Style havoc
This is a somewhat thorny issue. In fact, I just posted an issue respecting this the other day, to which no one has responded. Here's a quick overview, with enough to pursue it further on the MVPS website (probably not updated for 2007) or otherwise.
Formatting is not the same as a style, and paragraph styles are different from character styles. When a para style is applied to less than a complete paragraph (including the final pilcrow, or paragraph mark), a new character style is created. If you para style was, say, Body, the new character style would have the name Body char, and the chars would start adding up, along with occasional Body's, as you continued the practice. In Word 2007, the designers created what they call linked styles, which, in a sense, legitimizes this confusion. Some think it's great; I'm in the other camp.
"Keep track of formatting" is an open door to building long lists of similar style names.

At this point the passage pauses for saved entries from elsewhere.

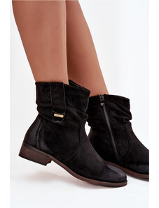 Butosklep Botki Z Eko Zamszu Na Płaskim Obcasie Czarne Innabelle
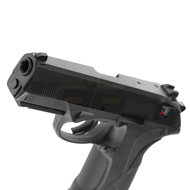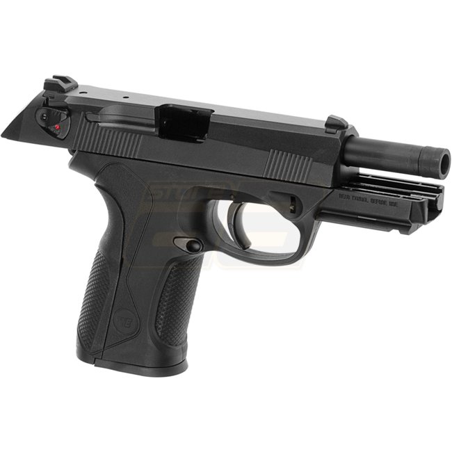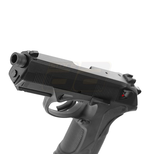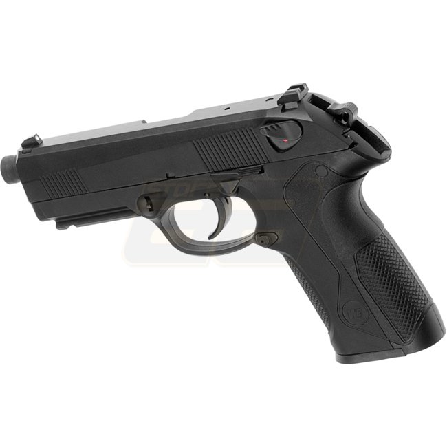 Pistolet à gaz Blow Back WE PX4 Bulldog - Noir : Construction en métal/polycarbonate, chargeur de 26 coups, longueur de 202 mm, poids de 930 g, canon interne de 91 mm, vitesse à la bouche de 320-340 FPS. Mode de tir semi-automatique avec hop up réglable.
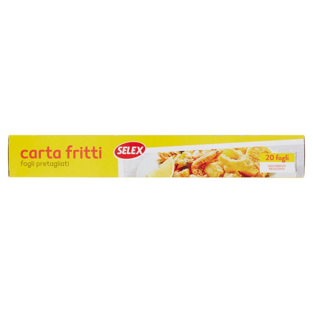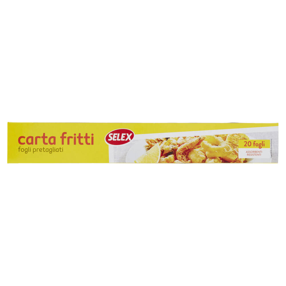 La Carta fritti Selex è realizzata in carta ad elevata assorbenza e consente di trattenere l'unto in eccesso dei cibi fritti, mantenendoli croccanti e saporiti ma con meno grassi. Particolarmente robusta è realizzata in grandi fogli già separati, monostrato e stesi. La Carta fritti Selex può essere utilizzata anche nel forno a microonde per coprire i recipienti (senza che venga a contatto con i cibi) per evitare di sporcare le pareti del forno con schizzi.
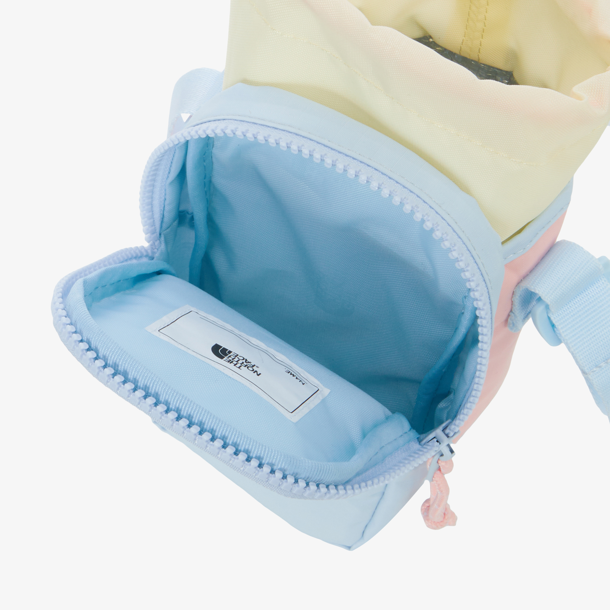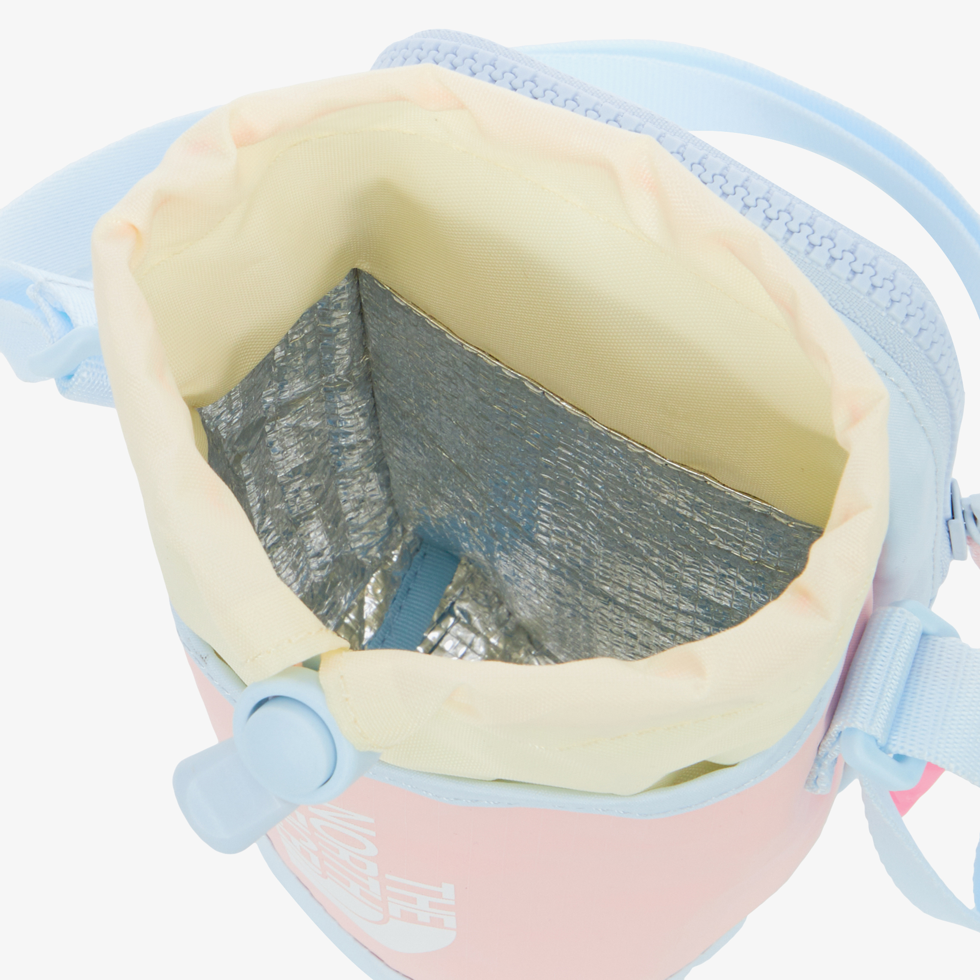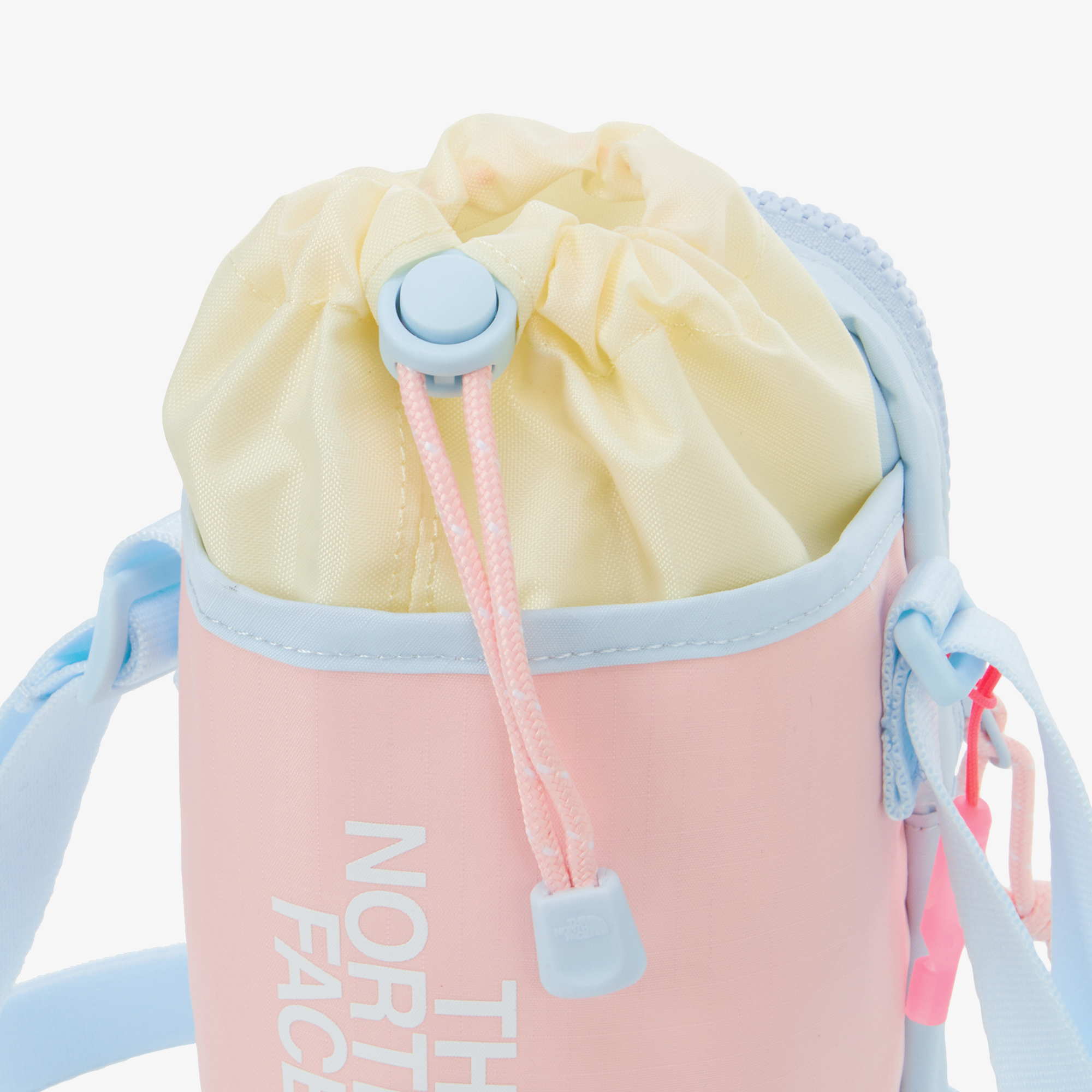 물통가방 입구의 스트링을 조여서 내용물이 빠져나오지 않게 여밀 수 있습니다.
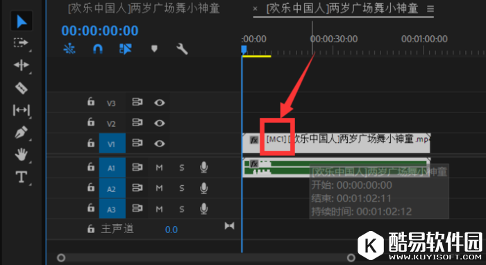 将生成的序列拖动到时间轨道上,看到序列上带有mc字样,就表示多机序列新建成功了。
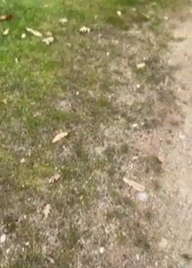 The video starts with a close-up of a hand holding a lit cigarette, against a background of ground covered with grass, leaves, and pebbles
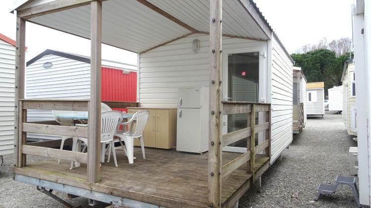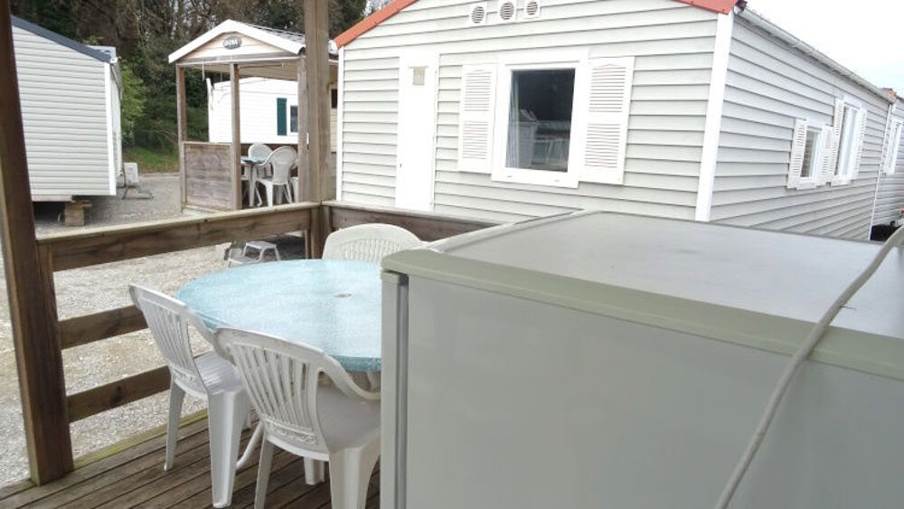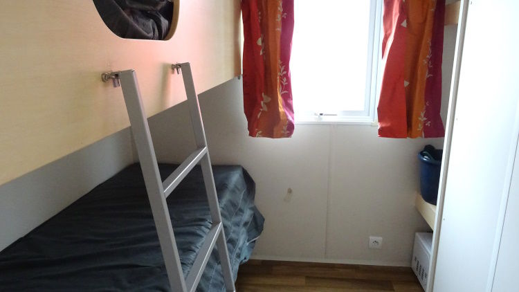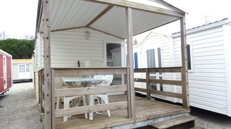 GRAND DESTOCKAGE SUR TOUS NOS MOBIL HOME! IDEAL CHAMBRES D'APPOINT, POUR BUREAU OU ACCUEIL; Mobil home de faible encombrement, avec une terrasse pignon. Double pente et double vitrage, bardage PVC blanc. La terrasse donne accès à un couloir qui dessert 2 chambres: une chambre avec 2 lits superposés, un chambre avec un grand lit. Pas d'équipement cuisine, salle d'eau et WC. Peut être utilisé comme chambre d'appoint; Facilement transformable en 2 bureaux. La terrasse peut recevoir table et chaises. Mobil home en 3 m de large, pouvant être placé facilement;
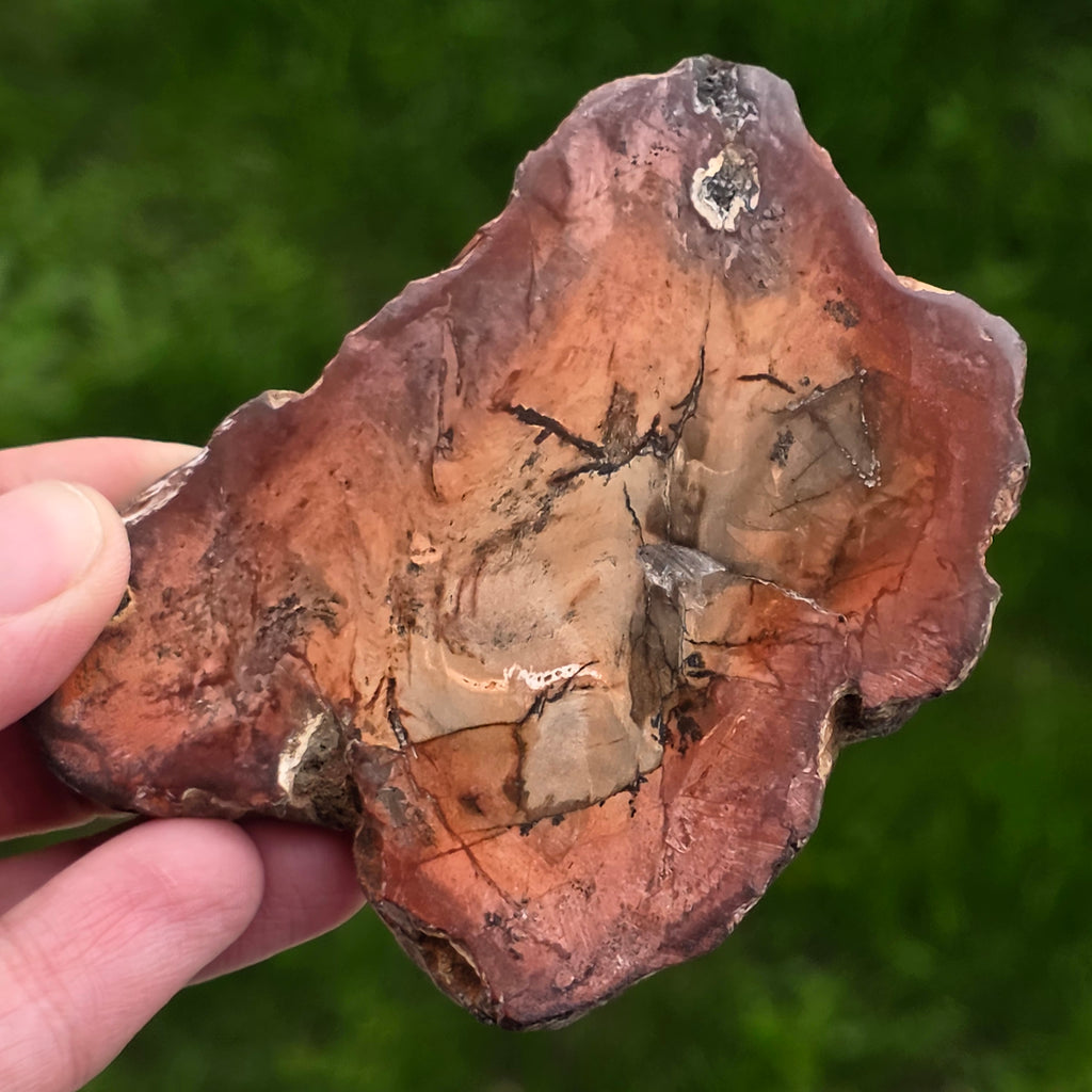 Z czasem kolory skamieniałego drewna rozwijają się z powodu zanieczyszczeń mineralnych: żelazo dodaje czerwonawe lub pomarańczowe, mangan przynosi czarne i fioletowe tony, a miedź może wprowadzać zielone lub niebieskie akcenty. Chociaż wydaje się, że drewno na pierwszy rzut oka kamień jest całkowicie zmineralizowany, mając Twardość mohs około 6,5 - 7, podobnie jak kwarc.
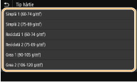 După ce este înregistrată setarea implicită, ecranul pentru setarea hârtiei nu este afişat când încărcaţi hârtie şi este folosită aceeaşi setare mereu. Dacă încărcaţi o altă dimensiune de hârtie fără a modifica setările hârtiei, este posibil ca aparatul să nu imprime corect. Pentru a evita această problemă, selectaţi <Specificare la încărcarea hârtiei> în pasul 3, apoi încărcaţi hârtia.
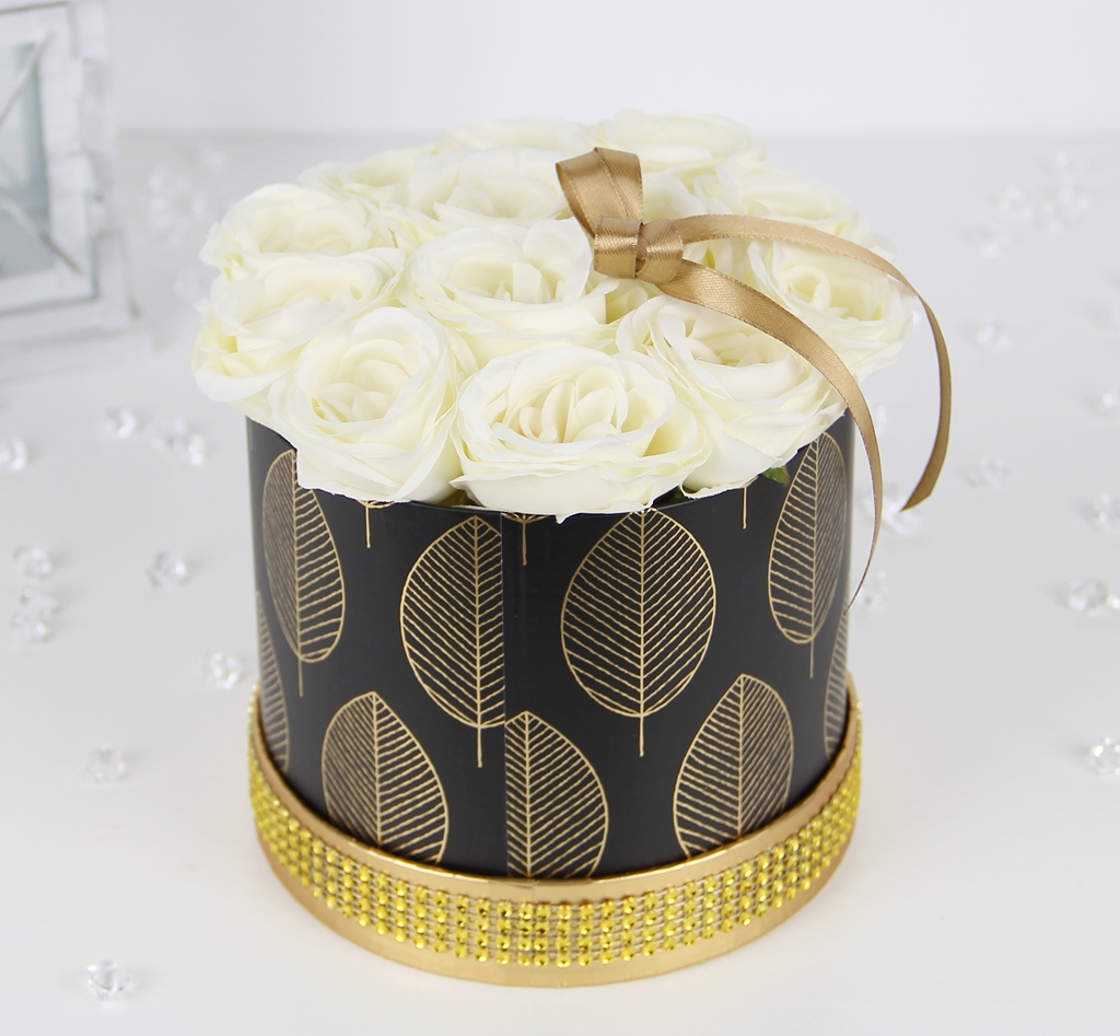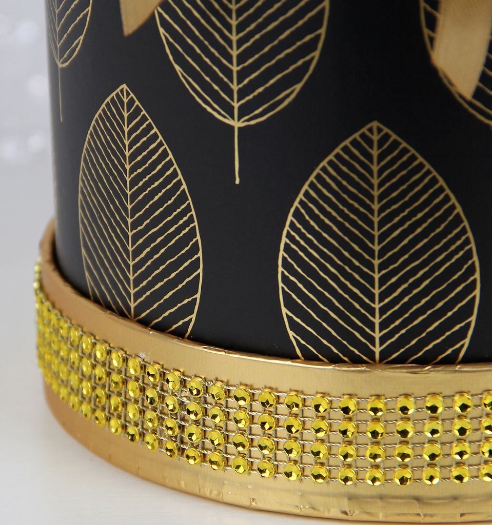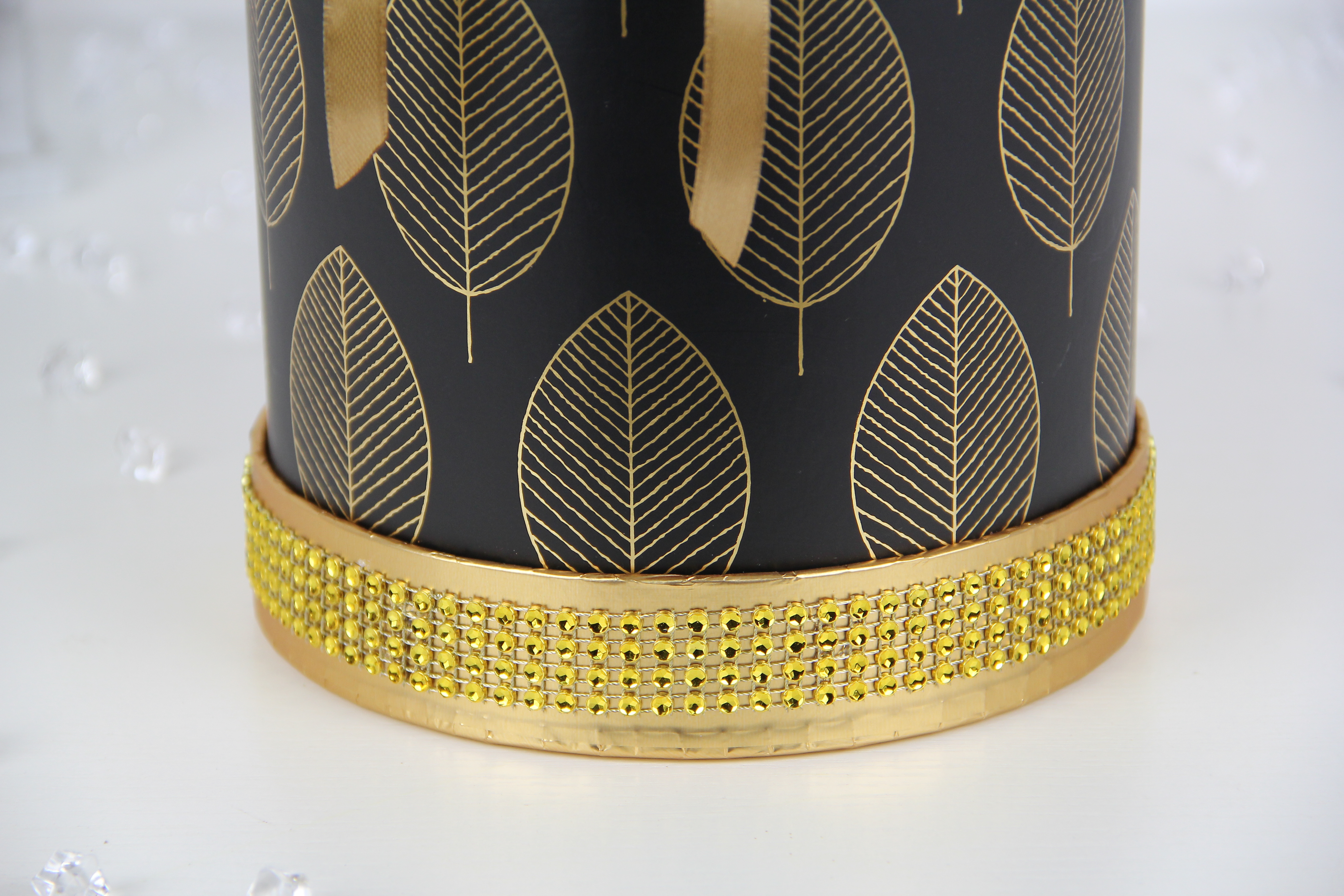 Pudełko jest z serii średniej - rozmiar M wg. naszych oznaczeń. Kształt pudełka to klasyczna tuba w czarnym kolorze z aplikacją wzoru złotych listków. Na spodzie przymocowany jest dekielek, dookoła którego znajduje się pasek imitujący złote błyszczące cekiny.

Depending on your needs for Word, this may be a problem or not. When a long document gets filled up with such junk styles, as opposed the proper styles, the potential becomes greater for Word to get confused, so to speak, and for styles to start behaving strangely. Don't ask me what's actually going on in the background; I'm not a programmer by a long shot. Just imagine being a school teacher with five Amy's in the class and what could occur.
Part of my job is maintaining clean templates and documents (often long and complex ones), so I deal with these issues all the time. Word is more stable than it used to be, as is Windows 7 over XP, and documents with lots of junk, or superfluous styles that have been imported by authors pasting instead of "pasting special" as unformatted text, may remain stable more than they used to, but it's still tempting fate.